----- Data

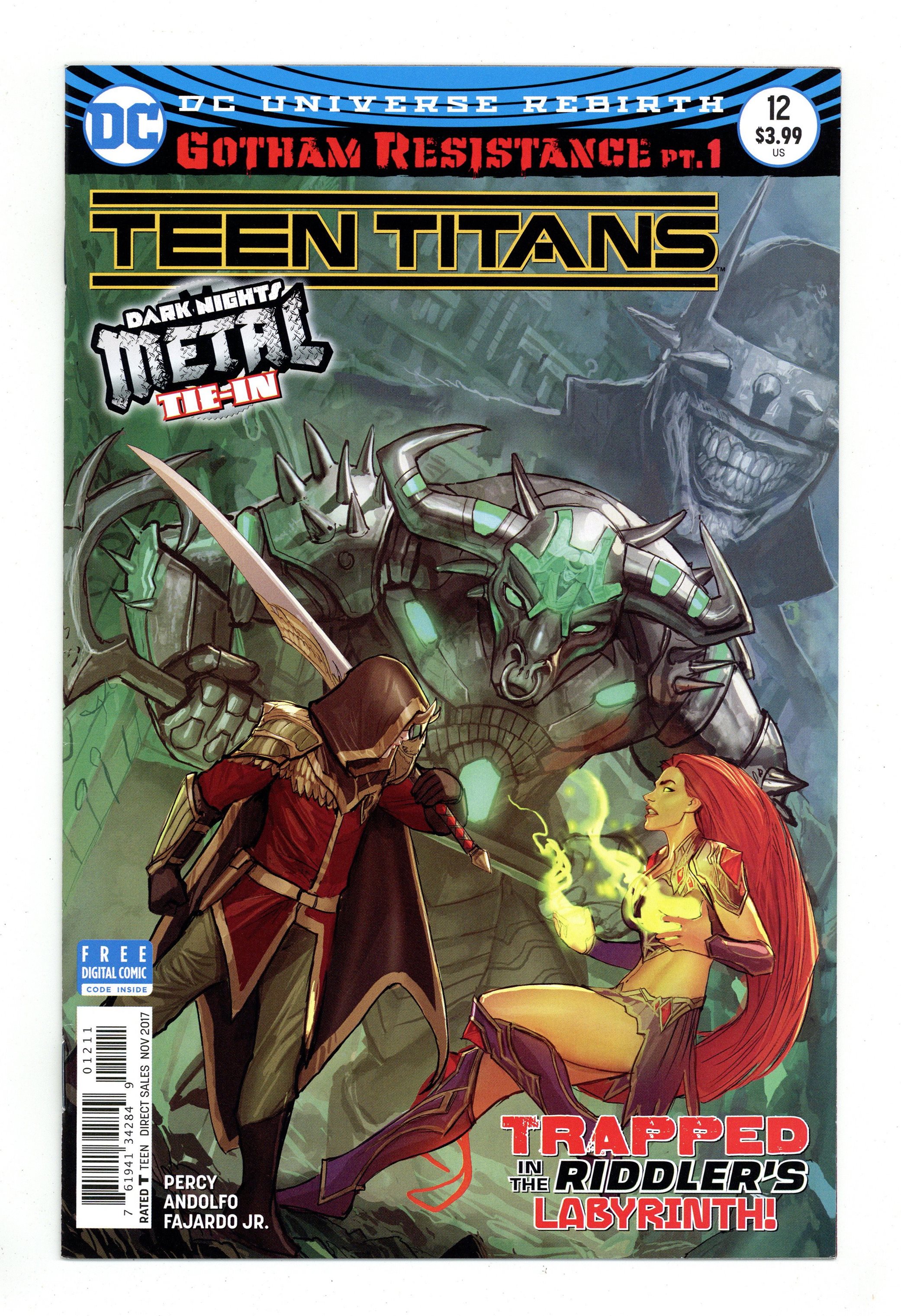 Written by Ben Percy. Art by Mirka Andolfo. Cover by Stjepan Sejic. A DARK NIGHTS: METAL tie-in! 'GOTHAM RESISTANCE' part one! The fight for Gotham City's soul starts here! When Robin receives a distress call from Nightwing urging him to return home, he discovers that Gotham City has been transformed into a mosaic of monsters, magic and doom! Trapped inside the Riddler's deadly maze with nowhere to turn, Robin soon assembles an unlikely team of hometown heroes including Batgirl, Harley Quinn, Killer Croc, Black Canary and Green Arrow to find the missing Nightwing and save their city! 32 pages, full color. Rated T Cover price $3.99. Grade: VF- 7.5 explanation of grade Condition: Used (collectible)
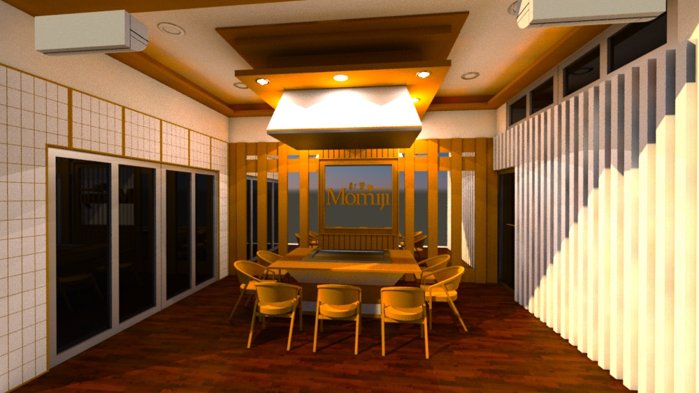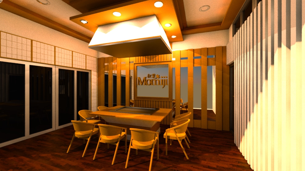 MOMIJI ADALAH SALAH SATU RESTORAN JEPANG BERADA DI CIKARANG, DIA EXHIBITION MENDAPATKAN KESEMPATAN UNTUK MENDESIGN SALAH SATU RUANGAN TEPPANYAKI YANG BERADA DISANA DENGAN SENTUHAN KHAS JEPANG.
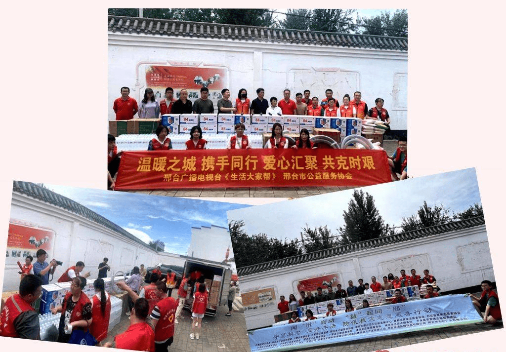 邢台市是河北省的重要交通枢纽和农业产区,此次受灾严重。在共青团邢台市委副书记薄弋峰带领下,由共青团宁晋县委书记孙红扑、邢台市公益服务协会会长靳国彬、副会长赵军凯、李丽红、秘书长张瑞虎、岳爱缺等人的陪同下,组织 40 名志愿者,分别向宁晋县河渠镇镇政府、河渠中学安置点、大曹庄镇镇政府送去了防汛救灾物资,全力支援宁晋县抢险救灾和灾后重建工作。

----------

▸ Work required
Before handing back the copy, remove the pictures; otherwise print the data exactly.

▸ Solution for this problem
 Written by Ben Percy. Art by Mirka Andolfo. Cover by Stjepan Sejic. A DARK NIGHTS: METAL tie-in! 'GOTHAM RESISTANCE' part one! The fight for Gotham City's soul starts here! When Robin receives a distress call from Nightwing urging him to return home, he discovers that Gotham City has been transformed into a mosaic of monsters, magic and doom! Trapped inside the Riddler's deadly maze with nowhere to turn, Robin soon assembles an unlikely team of hometown heroes including Batgirl, Harley Quinn, Killer Croc, Black Canary and Green Arrow to find the missing Nightwing and save their city! 32 pages, full color. Rated T Cover price $3.99. Grade: VF- 7.5 explanation of grade Condition: Used (collectible)
 MOMIJI ADALAH SALAH SATU RESTORAN JEPANG BERADA DI CIKARANG, DIA EXHIBITION MENDAPATKAN KESEMPATAN UNTUK MENDESIGN SALAH SATU RUANGAN TEPPANYAKI YANG BERADA DISANA DENGAN SENTUHAN KHAS JEPANG.
 邢台市是河北省的重要交通枢纽和农业产区,此次受灾严重。在共青团邢台市委副书记薄弋峰带领下,由共青团宁晋县委书记孙红扑、邢台市公益服务协会会长靳国彬、副会长赵军凯、李丽红、秘书长张瑞虎、岳爱缺等人的陪同下,组织 40 名志愿者,分别向宁晋县河渠镇镇政府、河渠中学安置点、大曹庄镇镇政府送去了防汛救灾物资,全力支援宁晋县抢险救灾和灾后重建工作。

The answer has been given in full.